» **EXERCISE REQUIREMENTS**
Exclude images, then output the remaining data verbatim.

» **DATA TO USE**
Content starts
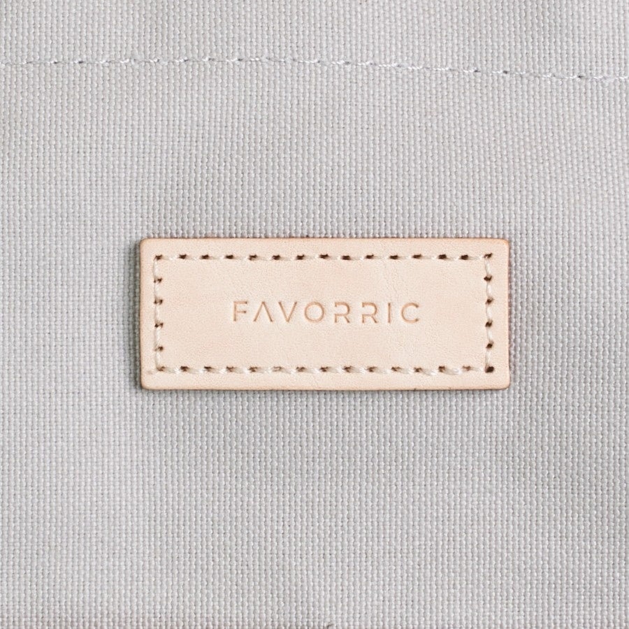 本体には上品で丈夫な9号帆布、外ポケットには軽さを考慮した11号帆布を使用。毎日使いやすく、しっかりと強度を保ちながらも「軽さ」にもこだわりました。また、ヌメ革のロゴがさりげなく上質感を印象付けます。
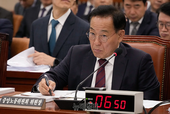 김태기 중앙노동위원회 위원장이 15일 오전 서울 여의도 국회에서 열린 국회 환경노동위원회의 경제사회노동위원회 등에 대한 국정감사에서 의원들의 질의를 듣고 있다.
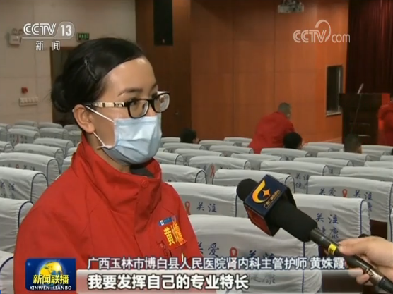 廣西玉林市博白縣人民醫(yī)院腎內(nèi)科主管護(hù)師 黃姝霞:我要發(fā)揮自己的專業(yè)特長,全力以赴救治患者,為打贏湖北保衛(wèi)戰(zhàn)貢獻(xiàn)自己的一份力量。
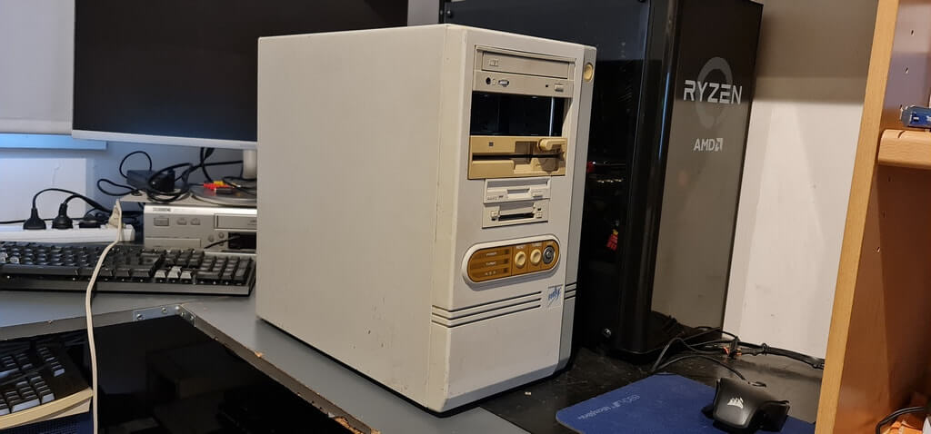 PC cases with tempered glass side panels are all the rage today. I bought this one in Spain back in 2003, with a Perspex panel, and built a Pentium 4 system on an Asus motherboard with a massive 2GB of RAM, a DVD drive, a 3DFX video card, and a 40GB HDD. It’s seen numerous configurations since then and currently houses an Asus FM1 motherboard with an AMD A6 3620 CPU and 16GB of RAM, which I was using for VHS to digital conversions. Since upgrading to a Ryzen 5600G in a brand new system, I’ve retired this one, and when the motherboard finally dies, I expect I’ll still use this case for more retro fun.
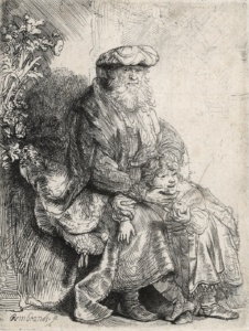 Rembrandt, Jakob en Benjamin, ca. 1637. Ets en drogenaald. Museum Rembrandthuis.
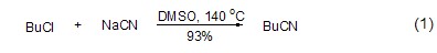 氰基化合物的合成  在合适的溶剂中,活泼醇或卤化物与氰化钠反应可以得到氰化物,此反应为亲核取代反应,是氰化物合成的通用方法。在dmso中,氰化钠与烷基氯反应时,氰基钠比氰化钾的反应产率高,且反应时间要短 (式1)[2]
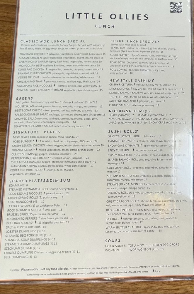 Little Ollies Cherry Creek offers a diverse menu with many vegetarian options and Asian-inspired dishes. The restaurant provides a casual atmosphere with friendly service and a welcoming vibe. Customers rave about the hot and sour soup, chicken egg drop soup, Drunken Noodles, Egg Drop Soup, General Tso's chicken, sushi, edamame, and wok plates. The lychee martini is a standout cocktail choice, and the food is prepared using quality ingredients without MSG. The staff is attentive and accommodating, making the dining experience enjoyable. With a variety of parking options, wheelchair accessibility, and gender-neutral restrooms, Little Ollies Cherry Creek ensures a comfortable and inclusive environment for all diners. Whether you're looking for a casual lunch, a special anniversary dinner, or a fun night out with friends, Little Ollies Cherry Creek is a must-visit destination in Denver.
Content ends
» **EXPECTED OUTPUT**
 本体には上品で丈夫な9号帆布、外ポケットには軽さを考慮した11号帆布を使用。毎日使いやすく、しっかりと強度を保ちながらも「軽さ」にもこだわりました。また、ヌメ革のロゴがさりげなく上質感を印象付けます。
 김태기 중앙노동위원회 위원장이 15일 오전 서울 여의도 국회에서 열린 국회 환경노동위원회의 경제사회노동위원회 등에 대한 국정감사에서 의원들의 질의를 듣고 있다.
 廣西玉林市博白縣人民醫(yī)院腎內(nèi)科主管護(hù)師 黃姝霞:我要發(fā)揮自己的專業(yè)特長,全力以赴救治患者,為打贏湖北保衛(wèi)戰(zhàn)貢獻(xiàn)自己的一份力量。
 PC cases with tempered glass side panels are all the rage today. I bought this one in Spain back in 2003, with a Perspex panel, and built a Pentium 4 system on an Asus motherboard with a massive 2GB of RAM, a DVD drive, a 3DFX video card, and a 40GB HDD. It’s seen numerous configurations since then and currently houses an Asus FM1 motherboard with an AMD A6 3620 CPU and 16GB of RAM, which I was using for VHS to digital conversions. Since upgrading to a Ryzen 5600G in a brand new system, I’ve retired this one, and when the motherboard finally dies, I expect I’ll still use this case for more retro fun.
 Rembrandt, Jakob en Benjamin, ca. 1637. Ets en drogenaald. Museum Rembrandthuis.
 氰基化合物的合成  在合适的溶剂中,活泼醇或卤化物与氰化钠反应可以得到氰化物,此反应为亲核取代反应,是氰化物合成的通用方法。在dmso中,氰化钠与烷基氯反应时,氰基钠比氰化钾的反应产率高,且反应时间要短 (式1)[2]
 Little Ollies Cherry Creek offers a diverse menu with many vegetarian options and Asian-inspired dishes. The restaurant provides a casual atmosphere with friendly service and a welcoming vibe. Customers rave about the hot and sour soup, chicken egg drop soup, Drunken Noodles, Egg Drop Soup, General Tso's chicken, sushi, edamame, and wok plates. The lychee martini is a standout cocktail choice, and the food is prepared using quality ingredients without MSG. The staff is attentive and accommodating, making the dining experience enjoyable. With a variety of parking options, wheelchair accessibility, and gender-neutral restrooms, Little Ollies Cherry Creek ensures a comfortable and inclusive environment for all diners. Whether you're looking for a casual lunch, a special anniversary dinner, or a fun night out with friends, Little Ollies Cherry Creek is a must-visit destination in Denver.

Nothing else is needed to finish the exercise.